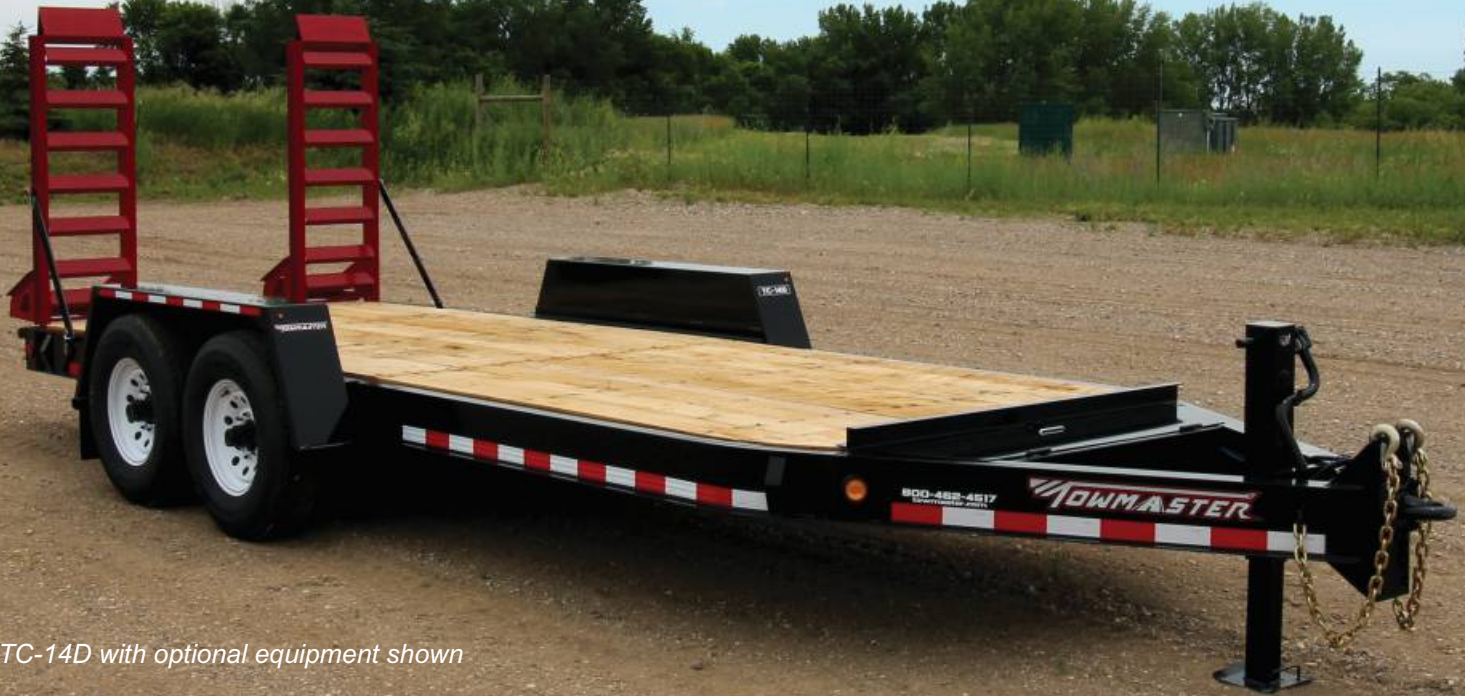
TC-14D with optional equipment shown
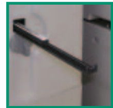
Automatic sealing roller cleaner. Cleaning pads prevent the build up of toner on the pressure seal rollers
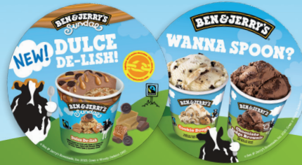
Wobblers (Available for NPD & Core)
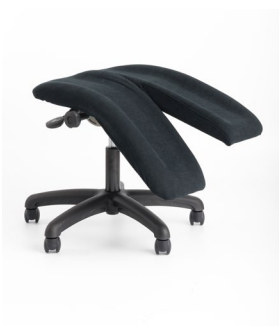
Actyv™ Articulated Leg Rest Pad dimensions 480 x 500 mm
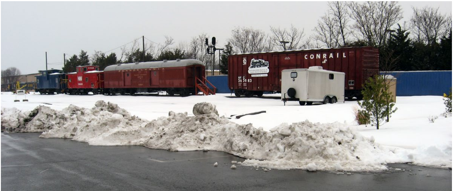
Flash Back, Feb. 15, 2014 - 8:39 in morning, always amazing how much we have changed and grown. We should keep growing if we all help.

Jim Keehner Editor Rappahannock Railroad Museum
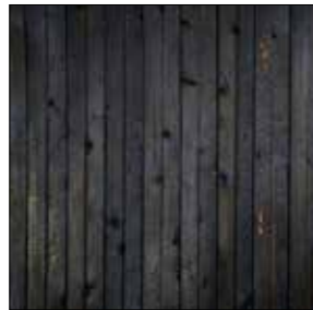
CHARRED LARCH (or similar)

__EXERCISE BRIEF__: Excluding every picture, write out each record word for word.

__RESPONSE__:
TC-14D with optional equipment shown
Automatic sealing roller cleaner. Cleaning pads prevent the build up of toner on the pressure seal rollers
Wobblers (Available for NPD & Core)
Actyv™ Articulated Leg Rest Pad dimensions 480 x 500 mm
Flash Back, Feb. 15, 2014 - 8:39 in morning, always amazing how much we have changed and grown. We should keep growing if we all help.

Jim Keehner Editor Rappahannock Railroad Museum
CHARRED LARCH (or similar)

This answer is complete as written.